MEDIA: FORUM; Should the ITC heed calls for extra ad minutage?

Is it time to look again at the amount of commercial airtime terrestrial channels can carry? The ceiling is currently seven minutes per hour. Advertisers want more - then again they always do. But isn’t the issue becoming increasingly irrelevant as we prepare for the launch of Channel 5 next year? Alasdair Reid reports

Is it time to look again at the amount of commercial airtime terrestrial

channels can carry? The ceiling is currently seven minutes per hour.

Advertisers want more - then again they always do. But isn’t the issue

becoming increasingly irrelevant as we prepare for the launch of Channel

5 next year? Alasdair Reid reports



If ever an organisation had a bee in its proverbial bonnet, it is the

Incorporated Society of British Advertisers with its obsession with

extra advertising minutage.

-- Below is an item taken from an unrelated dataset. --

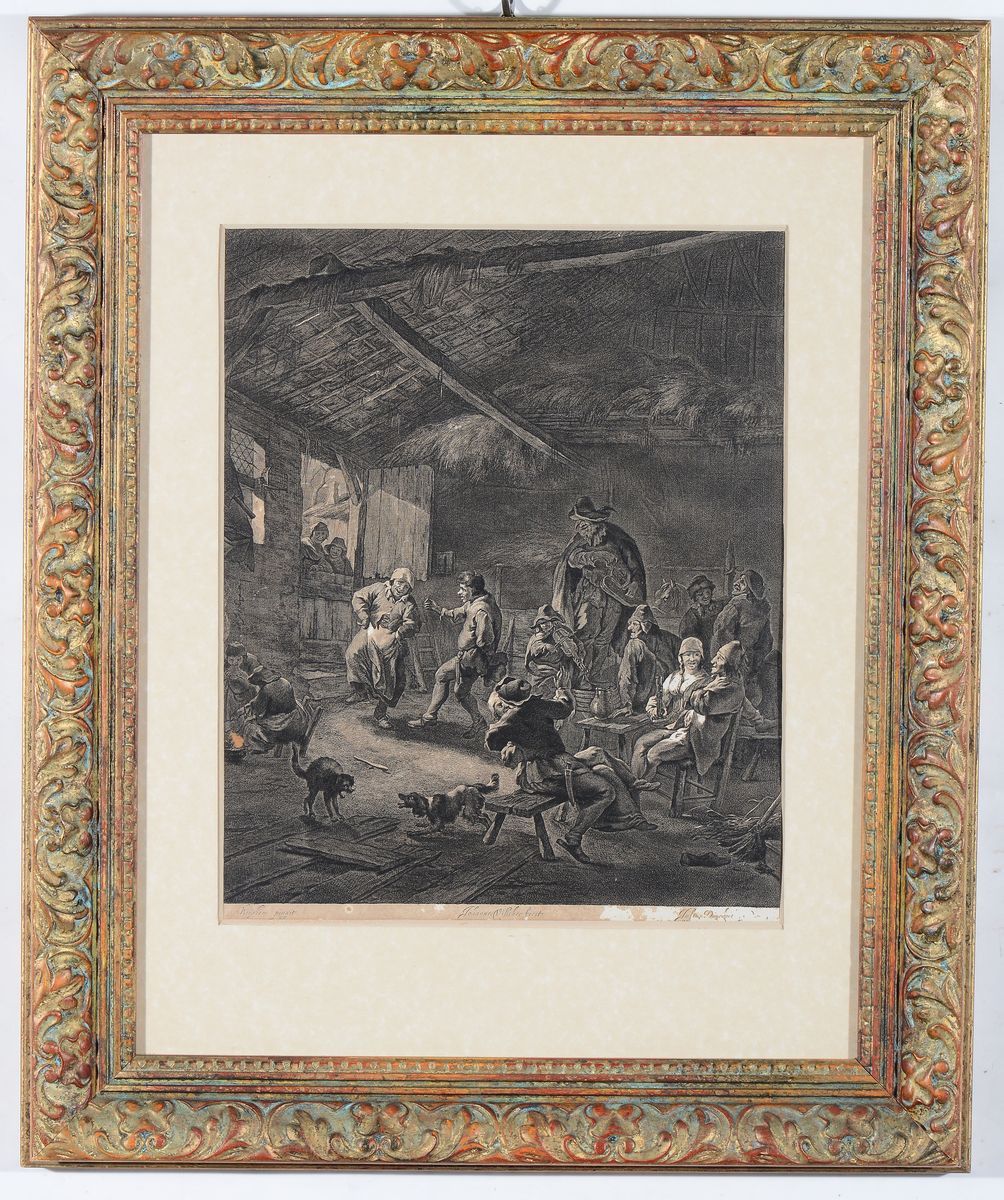 tempera su carta applicata su tela, cm 47x38, entro cornice dorata coeva; nel lotto anche incisione di analogo soggetto cm 45x36

The current Independent Television

Commission rules state that commercial terrestrial broadcasters can run

an average of seven minutes of advertising an hour. Last week, ISBA

announced that it was rejuvenating its campaign to raise this to nine

minutes per hour. It outlined its new strategy at this week’s ISBA

conference on media issues.



In recent years, TV inflation has often been rampant, and on almost

every occasion ISBA has demanded an increase in minutage. There has been

regular and widespread agency support for its demands - advertisers were

hurting badly and, given doubts about ITV’s ability to deliver on

audiences, it seemed a reasonable way to ease the pain.



But Channel 5 wasn’t on the horizon then. It is now. If Channel 5 takes

a significant chunk of the BBC’s audience, it will take inflationary

pressures out of the airtime market. Anyway, satellite audiences are

continuing to grow steadily, taking viewers away from the BBC and the

commercial sector. Surely, inflation isn’t that much of a problem at

present?



ITV has always been implacably opposed to increased minutage. It argues

that more ads would mean less time being devoted to programme trailers

and that this could have a devastating effect on audiences. Many

agencies agree, and have also voiced their concern about increased

clutter. They say it would diminish the power of individual commercials

and devalue the whole advertising environment.



John Blakemore, the head of ISBA’s Broadcast Action Group, is optimistic

that the time is right to make progress on this issue: ‘In all my days

as a client, ISBA hasn’t formally approached the ITC and no-one has ever

told us that we can’t have nine minutes. I’ve never heard any good

reasons why it would not be a good thing.



‘The ISBA conference is a reasonable platform for raising the issue.

There will be other elements in the campaign. The ITC has to be

convinced. Terrestrial TV companies have to be convinced. Ad agencies

have to be convinced. And I admit that a few advertisers remain to be

convinced. If I didn’t think there was a chance of making progress, I

wouldn’t be hitting my head on a brick wall. It can hurt.’



So can ISBA really hope to get widespread support? It must put forward

convincing arguments that an increase in minutage will first and

foremost benefit viewers and also have the backing of the whole industry

- broadcasters, agencies and advertisers alike. What is the ITC’s

response likely to be if ISBA decides to make a formal approach?



The ITC’s director of advertising and sponsorship, Frank Willis, says:

‘If it could be shown that there was a chronic under-financing of

programming and that minutage increases would produce more revenue,

which could be invested in better quality programmes, then there might

well be a convincing case for minutage increases.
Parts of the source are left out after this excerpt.